• **ASSIGNMENT**
Reproduce exactly the lines of the material beneath, from the line that contains "方勇在讲话中希望,以党的十九" to the line that contains "Процесс прохождения глотков", both included, and no other lines.

• **DATA SUPPLIED**
_ _ _ _
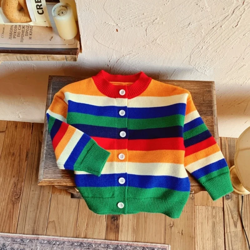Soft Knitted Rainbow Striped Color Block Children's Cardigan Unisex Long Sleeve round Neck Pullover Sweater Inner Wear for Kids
_ _ _ _
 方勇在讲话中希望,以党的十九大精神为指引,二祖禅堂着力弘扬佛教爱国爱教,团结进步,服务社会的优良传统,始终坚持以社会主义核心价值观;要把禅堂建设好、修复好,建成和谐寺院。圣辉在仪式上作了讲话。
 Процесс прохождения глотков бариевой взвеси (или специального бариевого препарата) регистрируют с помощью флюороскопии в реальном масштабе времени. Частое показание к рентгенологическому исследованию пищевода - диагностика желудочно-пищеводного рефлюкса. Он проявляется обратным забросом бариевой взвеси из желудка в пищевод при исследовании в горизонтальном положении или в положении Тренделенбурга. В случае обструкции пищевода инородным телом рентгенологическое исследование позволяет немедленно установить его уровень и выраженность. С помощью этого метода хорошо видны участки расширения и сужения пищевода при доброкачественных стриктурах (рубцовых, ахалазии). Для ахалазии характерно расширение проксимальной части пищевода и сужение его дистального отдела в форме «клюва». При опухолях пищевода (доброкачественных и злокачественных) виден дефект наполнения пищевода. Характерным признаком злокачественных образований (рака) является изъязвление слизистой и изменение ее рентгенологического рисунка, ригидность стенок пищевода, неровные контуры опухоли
_ _ _ _
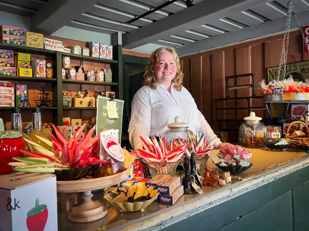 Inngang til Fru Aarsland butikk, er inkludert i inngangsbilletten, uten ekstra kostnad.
_ _ _ _
• **RESULT**
 方勇在讲话中希望,以党的十九大精神为指引,二祖禅堂着力弘扬佛教爱国爱教,团结进步,服务社会的优良传统,始终坚持以社会主义核心价值观;要把禅堂建设好、修复好,建成和谐寺院。圣辉在仪式上作了讲话。
 Процесс прохождения глотков бариевой взвеси (или специального бариевого препарата) регистрируют с помощью флюороскопии в реальном масштабе времени. Частое показание к рентгенологическому исследованию пищевода - диагностика желудочно-пищеводного рефлюкса. Он проявляется обратным забросом бариевой взвеси из желудка в пищевод при исследовании в горизонтальном положении или в положении Тренделенбурга. В случае обструкции пищевода инородным телом рентгенологическое исследование позволяет немедленно установить его уровень и выраженность. С помощью этого метода хорошо видны участки расширения и сужения пищевода при доброкачественных стриктурах (рубцовых, ахалазии). Для ахалазии характерно расширение проксимальной части пищевода и сужение его дистального отдела в форме «клюва». При опухолях пищевода (доброкачественных и злокачественных) виден дефект наполнения пищевода. Характерным признаком злокачественных образований (рака) является изъязвление слизистой и изменение ее рентгенологического рисунка, ригидность стенок пищевода, неровные контуры опухоли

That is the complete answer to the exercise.